I then take another look around the room and I realize that Lisa, Julie, Stephanie, and even Lilyana's mom never thought this would happen to them. This is not supposed to be their life.
And so I come to grips with the fact that this is my life.
4 comments:
As I sit here and read your thoughts with tears streaming down my cheeks, I don't know what I could say, other than to let you know how much we love you and your family. Our thoughts and prayers are continually with you.
wow, Mauri. I sit here weeping and just wishing there were something I could say or do that would help. Wishing if nothing else I could magically make your dishes and laundry do themselves (you certainly shouldn't feel guilty about those things!) Though I haven't been in the NICU for any of my babies, I have been to several NICUs and witnessed much of what you shared...I can't comprehend what it would be like putting the life you imagined on hold. Lonely, scared, lots of questions without definite answers... KNOW that you are an AMAZING mother and wife to your sweet family and especially Tanzi in her time of need. You are doing a beautiful job balancing all that is on your plate right now. We love you all SO much and will continue to keep you in our thoughts and hearts and prayers.

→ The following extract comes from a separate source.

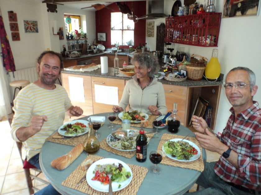 Jean-Pierre, Jocelyne and Robert – sharing lunch up in the house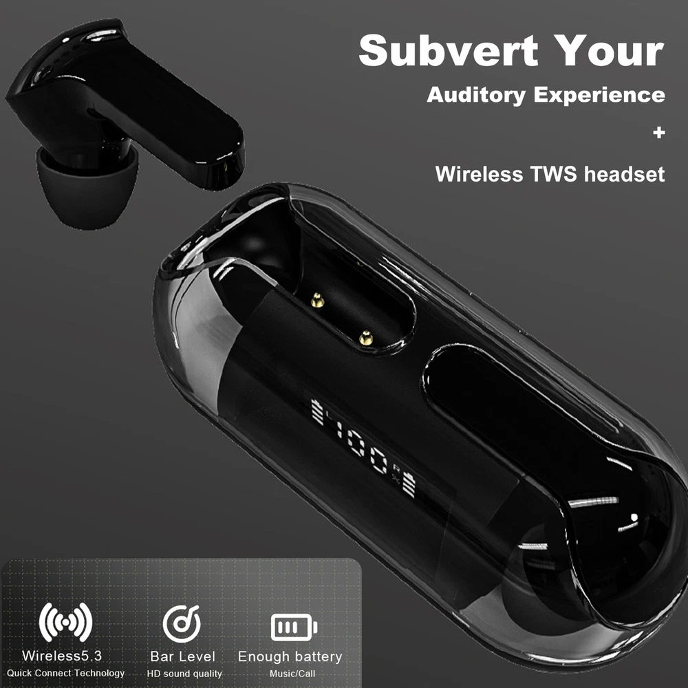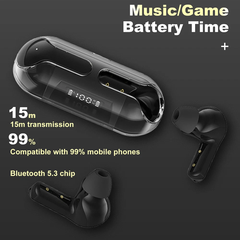 in-Ear Earbud Wireless Wireless Headphones in Ear Buds Digital Display fashion Bullet Points: Unique Design: Our wireless earbuds flaunt a transparent body that adds a touch of mystery to the sleek and modern design. The internal technology is visible, creating a sense of wonder and sophistication that sets you apart from the crowd Low Noise Work: With active noise reduction technology, these Wireless Ear Buds intensify audio clarity, keeping background noise at bay to provide no-distraction listening. Perfect for a focused work session or a peaceful music experience Improved Connectivity & Efficiency: Experience effortless control and enhanced efficiency with the digital display function of our wireless earbuds, displaying battery and connection status for easy tracking and monitoring Increased Wearing Comfort: Our Wireless Ear Buds are engineered with cutting-edge audio technology delivering high-quality and crystal-clear sound, making every beat more impactful, elevating your music listening experience Excellent Performance: Get ready to experience excellent sound quality with our wireless earbuds that offer professionally tuned audio driver units, ensuring lossless transmission and clear, delicate, and full sound restoration Experience the perfect blend of technology and style with our Wireless Earbuds. Featuring a fashionable appearance, ergonomically designed earplugs and noise cancelling technology, you can enjoy a clear, delicate and full sound quality while creating a quiet and focused listening environment. The easy-to-use digital display function makes it easy to control your earbuds with ease. Specifications: Wireless version: 5.3 Power-on prompt: English Wireless distance: within 10 meters Earphone material: ABS Earphone battery: 35 mAh Charging case: 200 mAh Talk time: about 3 hours Music time: about 3 hours Channel: Stereo Charging case: about 7x3x3cm/2.76x1.18x1.18 inches Earphone weight: 7g Charging case: 27g Charging port: Type-c Packing List: 1* Wireless Earphones with charging case 1* Charging cable 1* Chinese and English manual Note: Due to different lighting and screen settings, the item color may be slightly different from the picture. Due to different manual measurements, please allow a 1-2cm difference in size. Payment should be completed within 2 days after auction closed, or unpaid dispute will be filed for an closing auction. An unpaid case will be filled after 4 days ● We strive for 100% customer satisfaction ! ● Positive Feedback is very important to us. ● We hope that you contact us immediately BEFORE you give us neutral or negative feedback, so that we can satisfactorily address your concerns. ● We promise to offer the lowest price and high quality produce. Our working time: Monday to Friday (9:00 am to 18:00pm)(Beijing Time) Saturday (9:00 am to 12:00am),except International Holiday. Dear buyers : ● Welcome to my store ! ● Your satisfaction is our top goal,we appreciate your patronizing. ● If you have any questions, please contact us before leave negative or neutral feedback, we will try our best to solve the issue to your satisfaction, thanks ! ● If you are satisfied with our service, please rate the details of the transaction (Detailed Seller Ratings) on eBay. ● Please always talk to us via ebay Message . ● We appreciate your business and look forward to growing our e-Bay sales with satisfied customers.

I read this earlier and I have thought alot of you this afternoon. Might I remind you of some things you probably already know. I don't know you really well Mauri, but I do know the Allen family you must be one special person, with more strength than you know. For Gary to have chosen you to be his wife, I know you are a great person. I have read each day your blog of what has happened since Tanzi was born. I have been amazed by your ablitiy to handle this, you are amazing. I also know that the Lord knows you personally and He know what you can handle. He knew that you would be able to handle this for how ever long it takes for Tanzi to get better and come home to complete your family at this time. I write this with much love and prayers. YOU are an amazing woman, with the strength and ability to handle this. I know it must be hard with two little ones at home, but you are a wonderful mom and I agree with Amber, If the dishes don't get done for a few days, So what. Be strong and continue to love your family. The Lord will continue to strengthen you. good luck and you guys will be in my prayers.
I know how you feel about the cow part. Every time I feed Callen, Paxton says and signs cow!!! When I pump Taiz calls me a funny cow, because she'd been to a dairy and has seen milking cows! What a self-esteem builder my kids are:) We love you guys and are in our prayers.